→ Directions: Given these entries, repeat exactly the lines starting with the one that has "HDMI görüntü ve" and going on through the one that has "蝦線就是蝦的腸道,也是非常臟", both included, but none of the pictures.

→ Dataset content:
*** Block opens ***

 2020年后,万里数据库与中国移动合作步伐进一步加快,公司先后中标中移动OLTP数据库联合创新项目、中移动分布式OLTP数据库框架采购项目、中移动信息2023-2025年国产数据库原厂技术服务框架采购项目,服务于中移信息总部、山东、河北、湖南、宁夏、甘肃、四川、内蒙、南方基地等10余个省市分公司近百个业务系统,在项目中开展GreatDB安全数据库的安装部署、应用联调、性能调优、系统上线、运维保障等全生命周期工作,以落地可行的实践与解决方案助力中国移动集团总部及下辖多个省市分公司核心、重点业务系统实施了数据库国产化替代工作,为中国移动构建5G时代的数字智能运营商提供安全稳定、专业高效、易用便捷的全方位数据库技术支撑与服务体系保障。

*** Block closes ***
*** Block opens ***

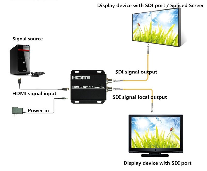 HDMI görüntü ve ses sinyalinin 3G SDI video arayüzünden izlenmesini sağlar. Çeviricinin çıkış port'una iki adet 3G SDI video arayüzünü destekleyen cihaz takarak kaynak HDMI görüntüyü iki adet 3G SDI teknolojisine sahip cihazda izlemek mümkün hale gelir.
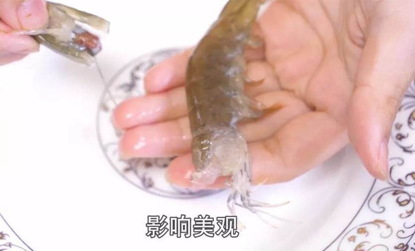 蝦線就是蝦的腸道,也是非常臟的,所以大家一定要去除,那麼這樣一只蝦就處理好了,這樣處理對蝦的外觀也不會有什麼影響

*** Block closes ***
*** Block opens ***

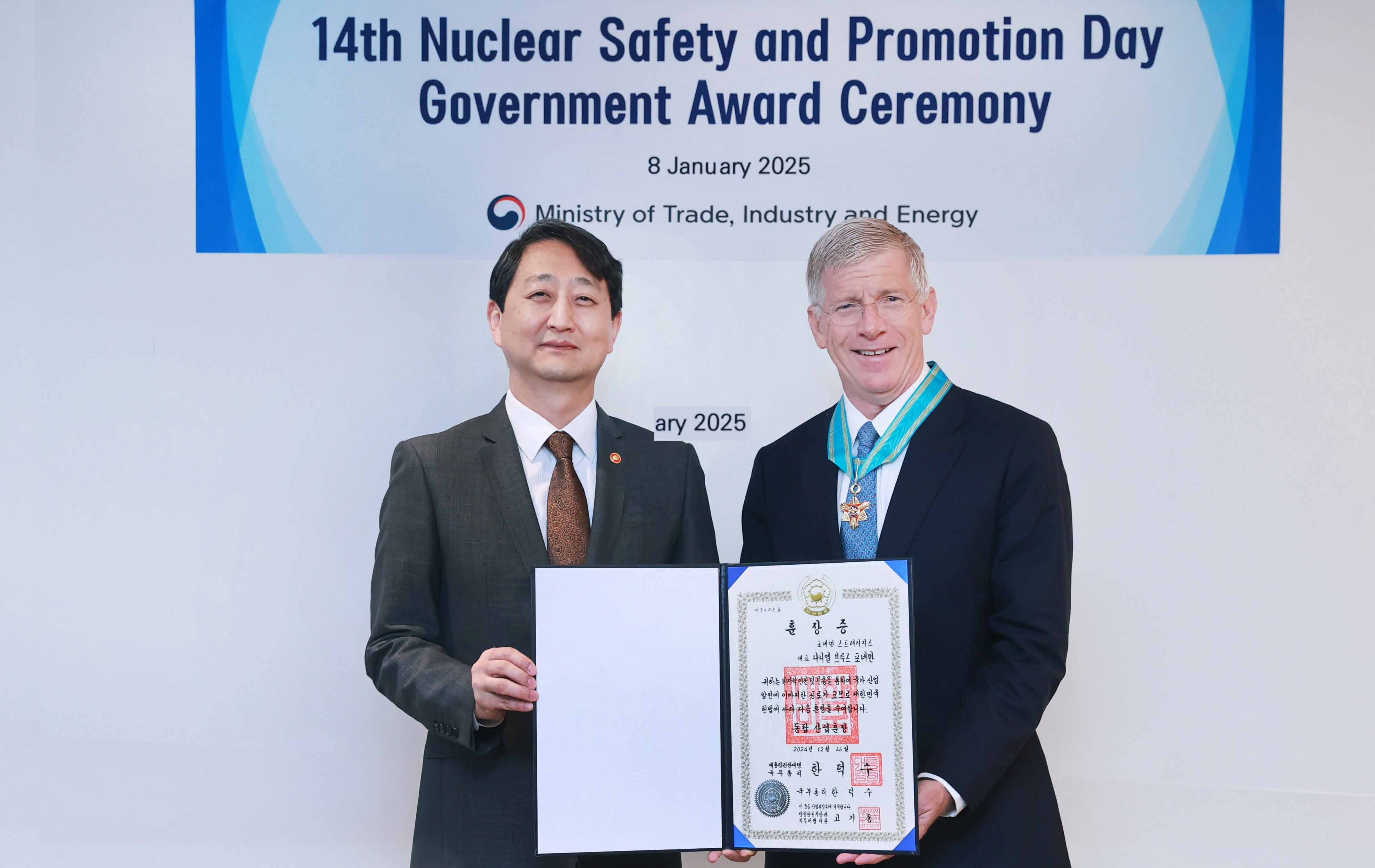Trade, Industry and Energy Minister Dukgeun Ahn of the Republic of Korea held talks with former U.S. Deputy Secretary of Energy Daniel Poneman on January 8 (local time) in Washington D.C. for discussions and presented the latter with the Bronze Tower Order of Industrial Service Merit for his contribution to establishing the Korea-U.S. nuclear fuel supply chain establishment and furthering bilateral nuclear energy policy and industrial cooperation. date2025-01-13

*** Block closes ***

→ Answer space:
 HDMI görüntü ve ses sinyalinin 3G SDI video arayüzünden izlenmesini sağlar. Çeviricinin çıkış port'una iki adet 3G SDI video arayüzünü destekleyen cihaz takarak kaynak HDMI görüntüyü iki adet 3G SDI teknolojisine sahip cihazda izlemek mümkün hale gelir.
 蝦線就是蝦的腸道,也是非常臟的,所以大家一定要去除,那麼這樣一只蝦就處理好了,這樣處理對蝦的外觀也不會有什麼影響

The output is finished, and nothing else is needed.